コントロールできない領域にエネルギーをかけていませんか?

セルフケア
Traditional banca boat at Las cabanas beach in front of blue lagoon and exotic nature scenery in El Nido, Palawan, Philippines.

コントロールできる領域とできない領域を区別する

不安やストレスを扱うとき、自分がコントロールできる領域と、コントロールできない領域をしっかり区別することが大切です。

コントロールできない領域をしっかり分かっておくことで、変えられない領域にエネルギーを消耗し続けることを減らすことが出来ます。そして有効な方向へエネルギーを使うことが出来れば、望ましい結果を得ることが増えて、生活の満足度が高くなります。

コントロールできない領域

コントロールできない領域(または100%コントロールすることが不可能な領域)は……

・他人や周りの環境・状況

すでに出てきてしまった感情や考え

・すでに起こっている身体反応や感覚

・パニック発作や強い不安・恐怖などの発生

 敏感な人や繊細な人、不安になりやすい人の多くは、不安や恐怖が起きた時に、なんとか抑えようとしたり、「緊張しないで気楽にしなきゃいけない」「パニックを起こしてはいけない」など、反応や感情をコントロールしようとしがちです。すでに出てきてしまっているもの、すでに起こっている感情や反応は結果です。ストレスホルモンが分泌され、ストレス反応が起こることを意思で止めることは出来ません。
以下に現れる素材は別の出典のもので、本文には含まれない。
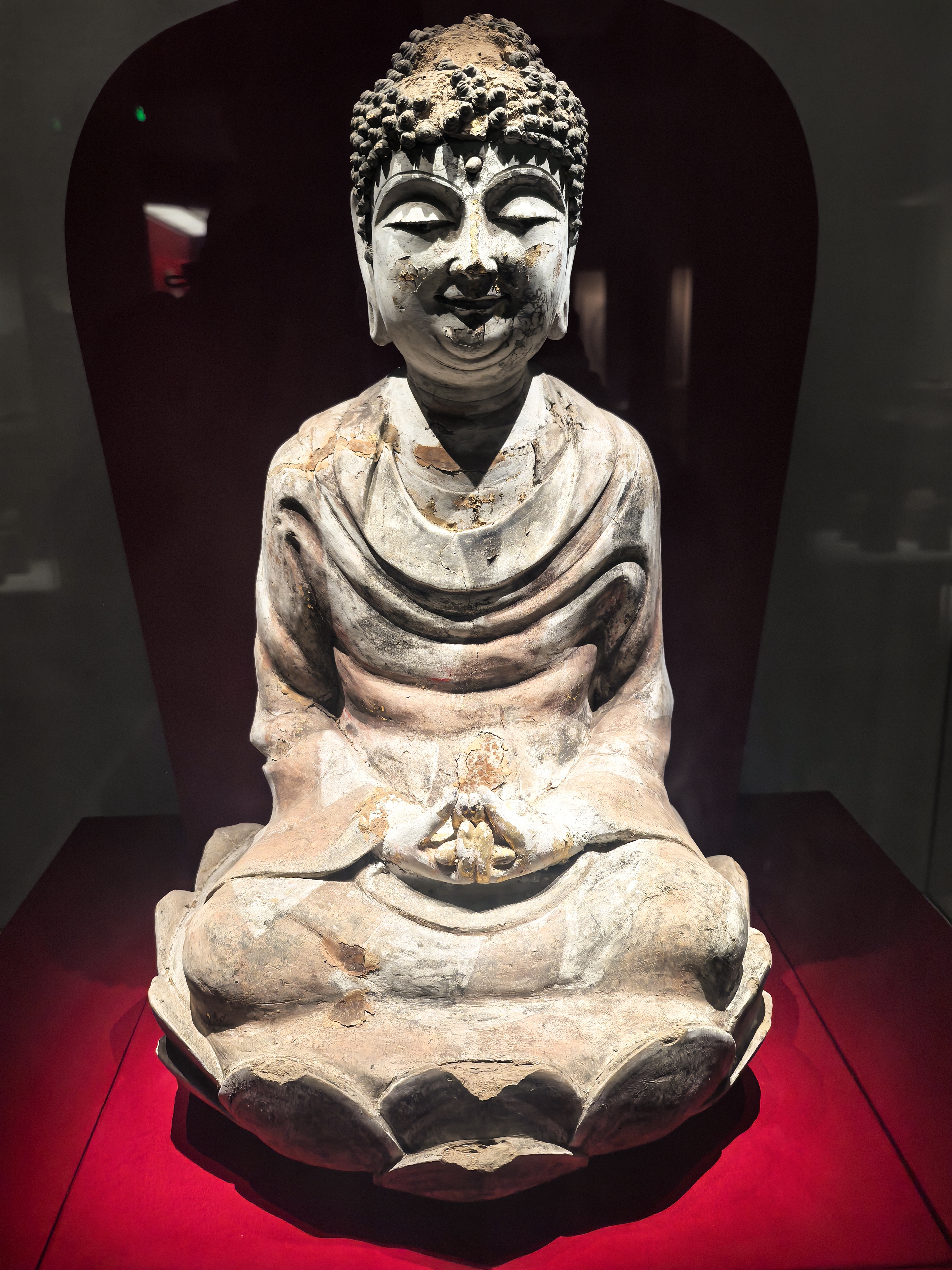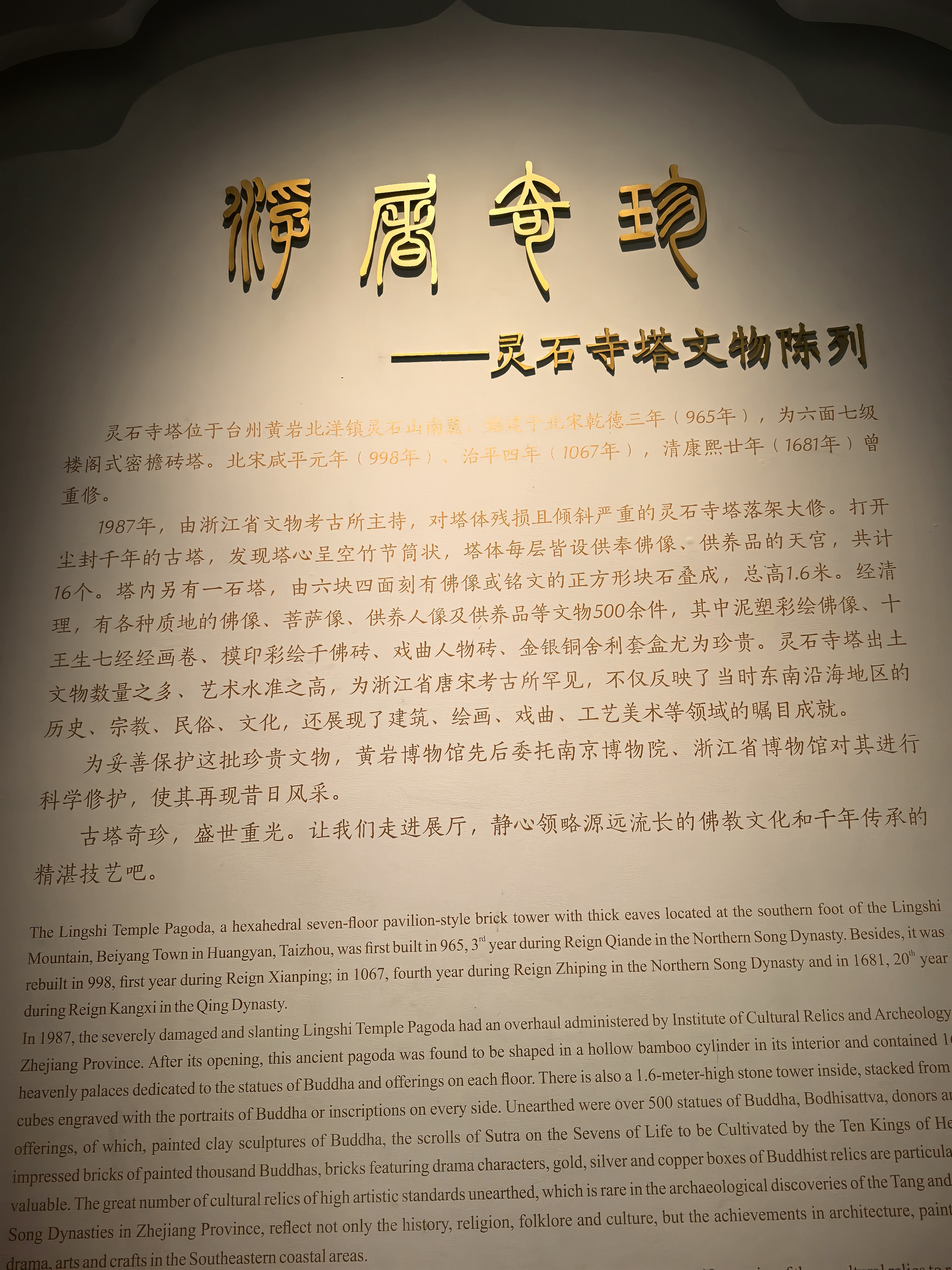 步入黄岩博物馆时光长廊,历史的帷幕缓缓拉开。东汉青瓷五联罐静静伫立,这件被誉为“中国陶瓷界老祖宗”的国宝,用青绿釉色讲述着原始瓷向瓷器过渡的密码。罐身堆塑的蚕、人、狗、熊、鸟,层层叠叠,是东汉先民对天地生灵的朴素信仰。最难得的是,这件诞生于黄岩窑的器物,在西汉以前多为陶器,而它却以瓷器的身份,敲开了东汉青瓷的大门。 北宋沙埠窑青瓷香炉散发着宋代文人的雅韵。1987年出土于灵石寺塔四层北天宫,这件高19.5厘米的香炉,炉盖以十七组忍冬纹连环构成,镂空、刻花、浮雕技艺并施,内壁墨书"咸平元年"纪年铭文。当香火从叶间逸出,宋人“焚香、挂画、插花、品茗”的四大雅事便在这青黄釉色中徐徐展开。这是宋代青瓷的巅峰之作,也是“千峰翠色”的秘色记忆。 南宋景德镇窑影青釉印花粉盒,盖面缠枝牡丹纹流转生姿。釉色莹润如冰,薄如纸,声如磬,在光线下剔透通明,釉里藏花。这种"雨过天青色"的影青瓷,是宋代景德镇的独创,白中闪青,青中带白,将宋人“素肌玉骨”的审美追求发挥到极致。粉盒虽小,却承载着宋代女性“对镜贴花黄”的精致生活。 南宋鎏金铜龙昂首挺立,鳞爪分明,金辉犹存。这件曾为黄岩文庙礼器的铜龙,是宋代皇家气韵的象征。龙首高昂,身姿矫健,每一片鳞片都闪烁着工匠的匠心独运。在宋代金石学兴起的背景下,这样的仿古铜器既是祭祀礼器,也是文人雅士书斋中的清雅摆设,将庙堂重器化为生活情趣。 恒温展柜里,赵伯澐墓出土的丝绸服饰静静诉说着南宋的风雅。2016年5月,这座800年前的墓葬重见天日,出土的76件丝绸文物被誉为“宋服之冠”,它们不仅是浙江从丝绸之源走向丝绸之府的重要见证,更完整展现了南宋宗室成员的礼仪性服饰及日常穿着。 最令人惊叹的是交领莲花纹亮地纱袍和对襟双蝶串枝菊花纹绫衫。纱袍以轻薄通透的纱罗制成,通体暗花是莲花纹,北宋理学家周敦颐《爱莲说》中“出淤泥而不染”的意境,在这件纱袍上得到了完美诠释。 这些文物从东汉到南宋,跨越千年,串联起黄岩“小邹鲁”的文脉传承。它们不仅是历史的见证,更是宋韵文化在黄岩这片土地上的生动注脚,让后人得以窥见那个风雅时代的精致与辉煌。
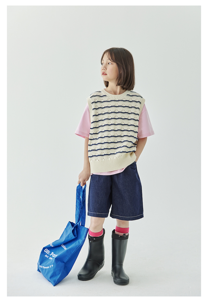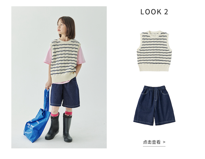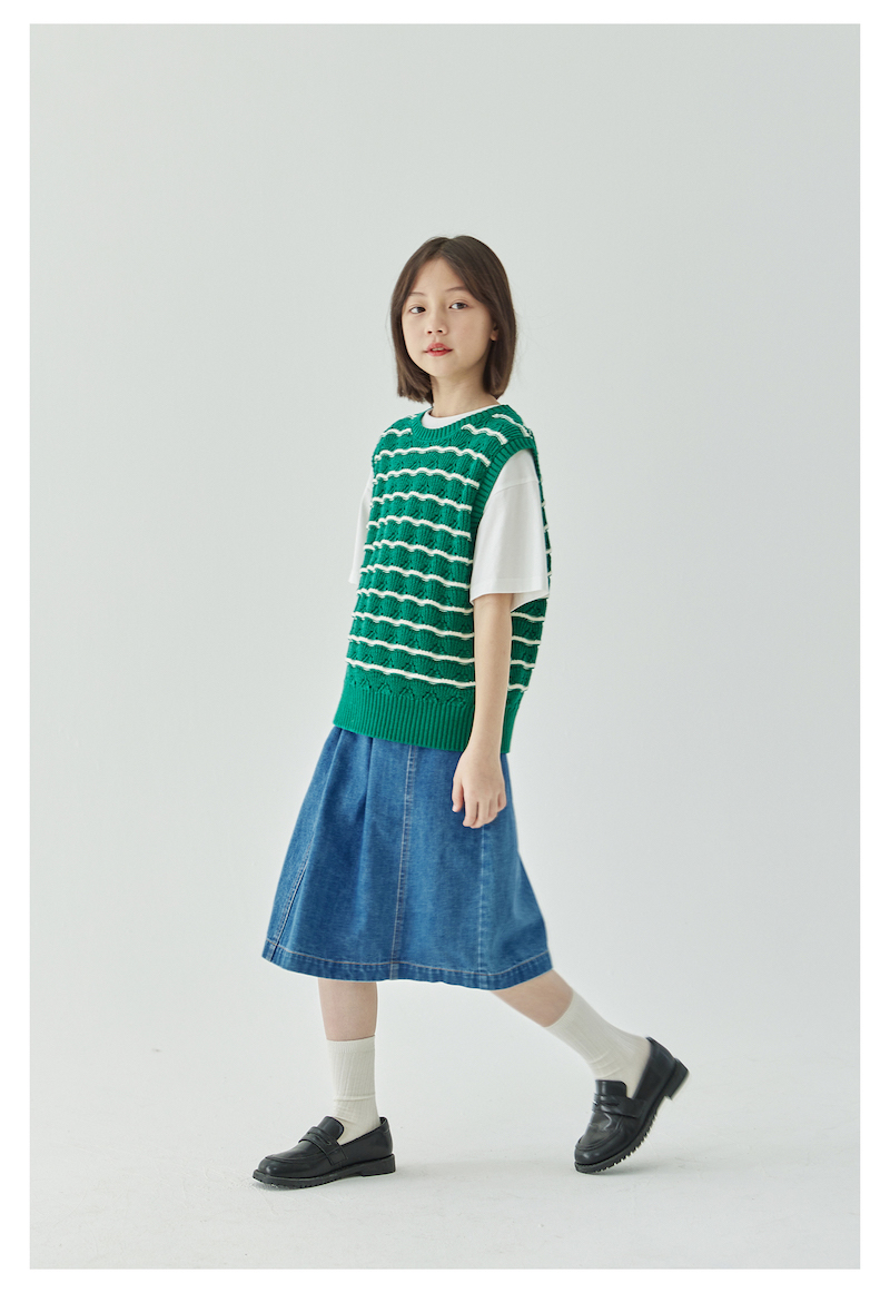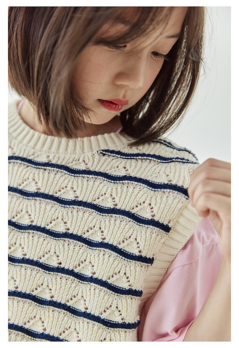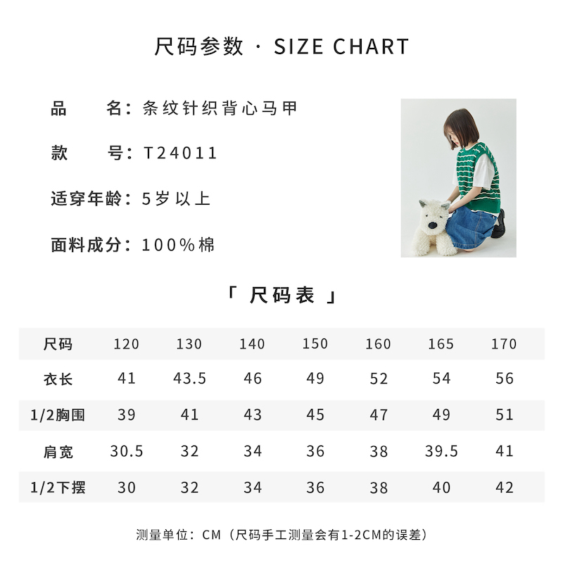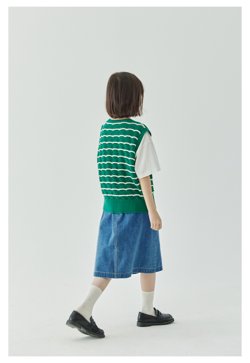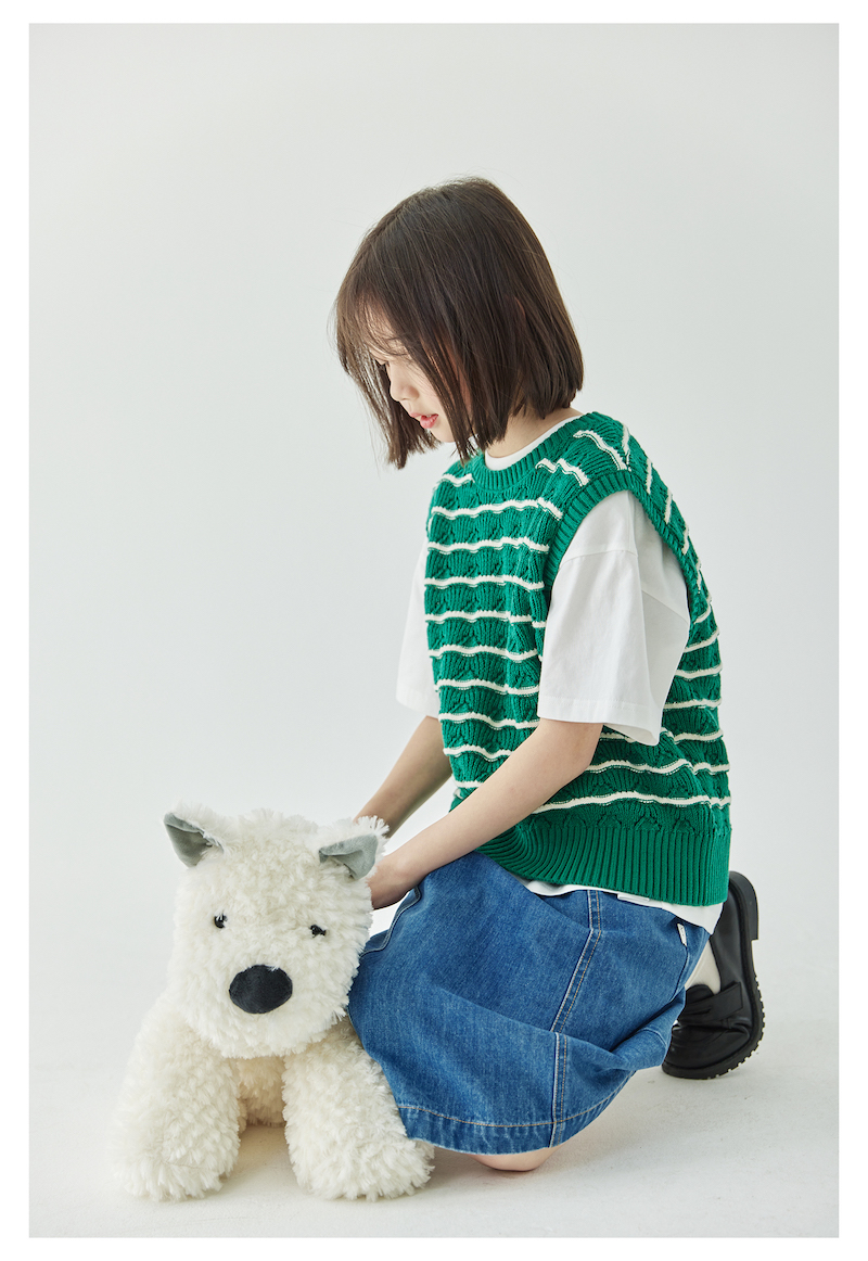棵初春款儿童波浪纹针织背心马甲母女亲子款条纹撞色坎肩

 感情や身体症状は、出てきてから止めようとしても止めることができません。

抑えようとすることで、より「自分にはコントロールができない」という感覚が強まり、ストレスや恐怖が強くなってしまいます。そのためストレスホルモンが増加し、さらに身体反応や症状、ネガティブな感情が強まってしまうという悪循環が起きてしまいます。

コントロールできる領域 

反応のとらえ方

・感情や考え、身体反応への対応の仕方

・身体のケアや生活習慣

 出てきてしまった感情や反応をどうとらえて、それにどう対応していくか、という部分は自分でコントロールができます。そして身体や心をケアしていく習慣も、自分でコントロールしてやっていくことができます。リラクゼーション法を行って身体の緊張を解し、強い不安や恐怖が生まれにくい状態にし整えたり、食事や睡眠といった生活習慣に気をつけてしっかり休息をとることで、疲れを回復させたり、自律神経やホルモンバランスを整えることが出来ます。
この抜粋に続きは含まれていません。